Items from a dataset:
BEGIN

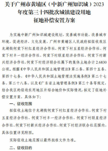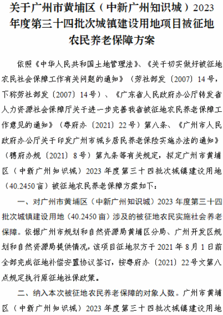 根據《中華人民共和國土地管理法》《中華人民共和國土地管理法實施條例》《廣東省土地管理條例》有關規定,我區政府組織編製了廣州市黃埔區(中新廣州知識城)2023年度第三十四批次城鎮建設用地征收土地補償安置方案(附件1)和被征地農民養老保障方案(附件2),現將征收土地補償安置有關事項公告如下:
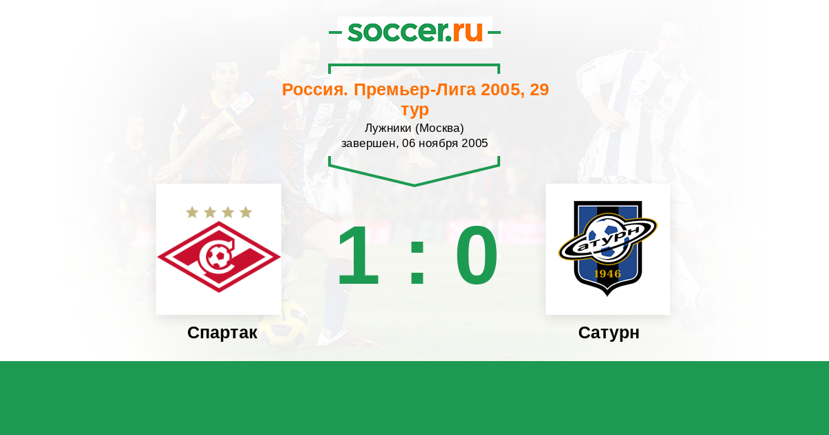 Протокол матча Спартак против Сатурн
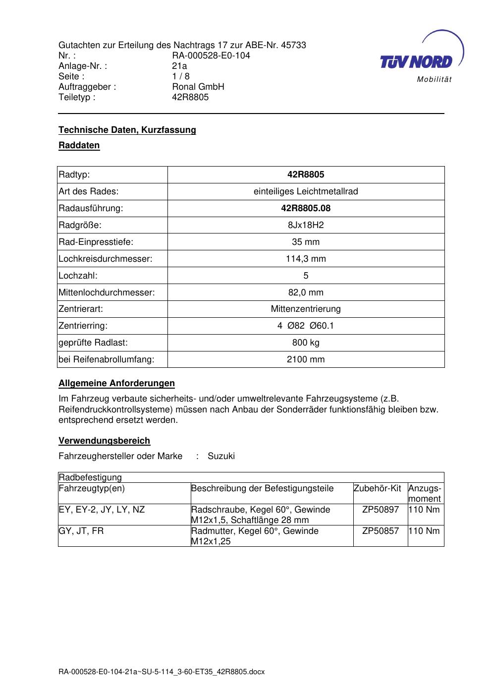 Dieses Gutachten (abe) bezieht sich auf die Alufelge brand-ronal 42R8805 in der Ausführung 8Jx18 ET 0, Mittenloch 0 mm (KBA 45733). Im PDF findest du typischerweise zulässige Reifengrößen, Auflagen/Anbauhinweise und – je nach Dokument – Hinweise zur Eintragung.
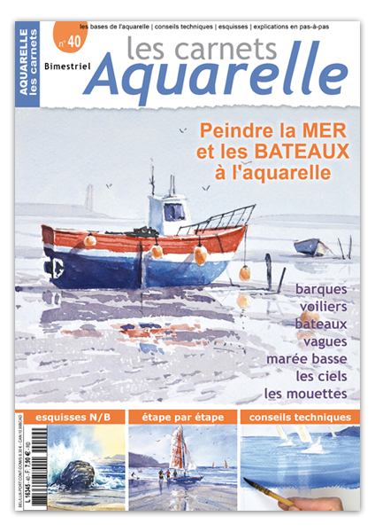 Ce tutoriel est inspiré par le contenu du magazine Les carnets Aquarelle n°40 : Peindre la mer et les bateaux à l’aquarelle
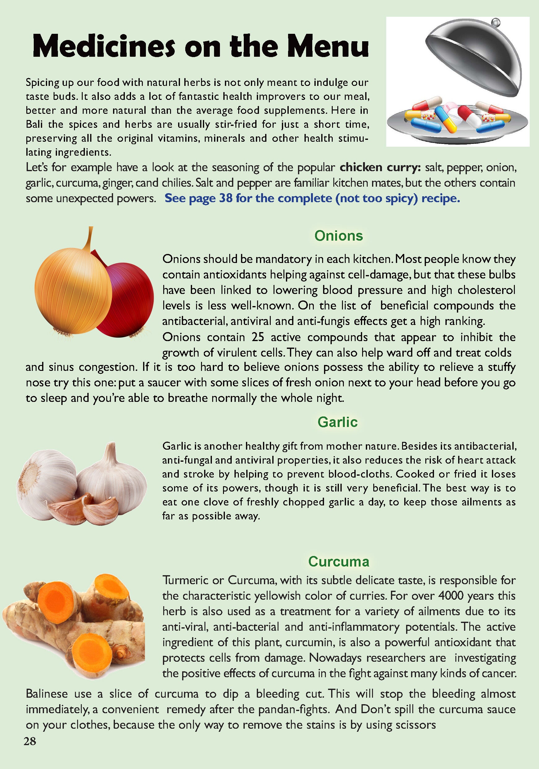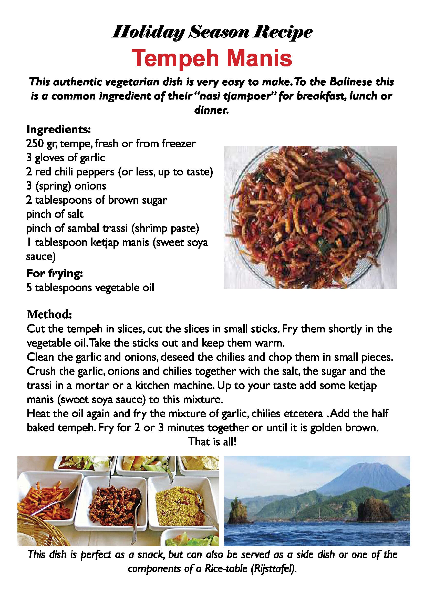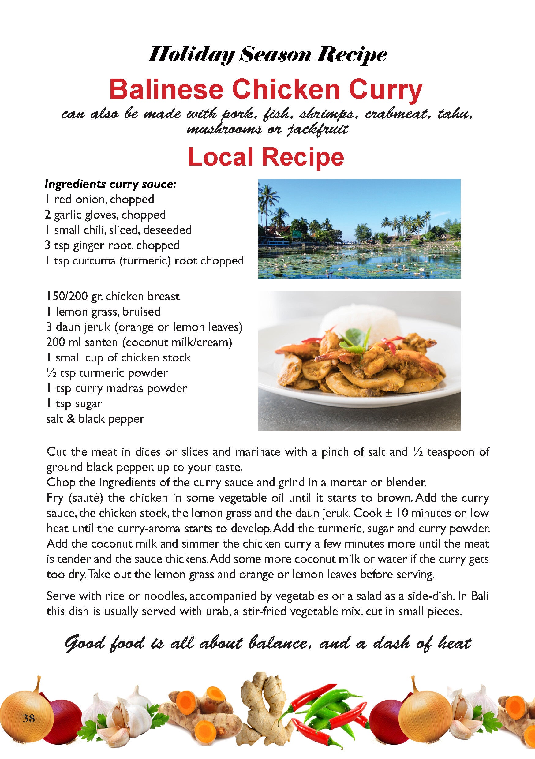 - easy-to-make recipe, local recipe (p.38)

END

What you are asked to do » Each line from the one bearing "Протокол матча Спартак против Сатурн" through the final line of the records is to be copied exactly, and no pictures are to be included.

Expected output »
 Протокол матча Спартак против Сатурн
 Dieses Gutachten (abe) bezieht sich auf die Alufelge brand-ronal 42R8805 in der Ausführung 8Jx18 ET 0, Mittenloch 0 mm (KBA 45733). Im PDF findest du typischerweise zulässige Reifengrößen, Auflagen/Anbauhinweise und – je nach Dokument – Hinweise zur Eintragung.
 Ce tutoriel est inspiré par le contenu du magazine Les carnets Aquarelle n°40 : Peindre la mer et les bateaux à l’aquarelle
 - easy-to-make recipe, local recipe (p.38)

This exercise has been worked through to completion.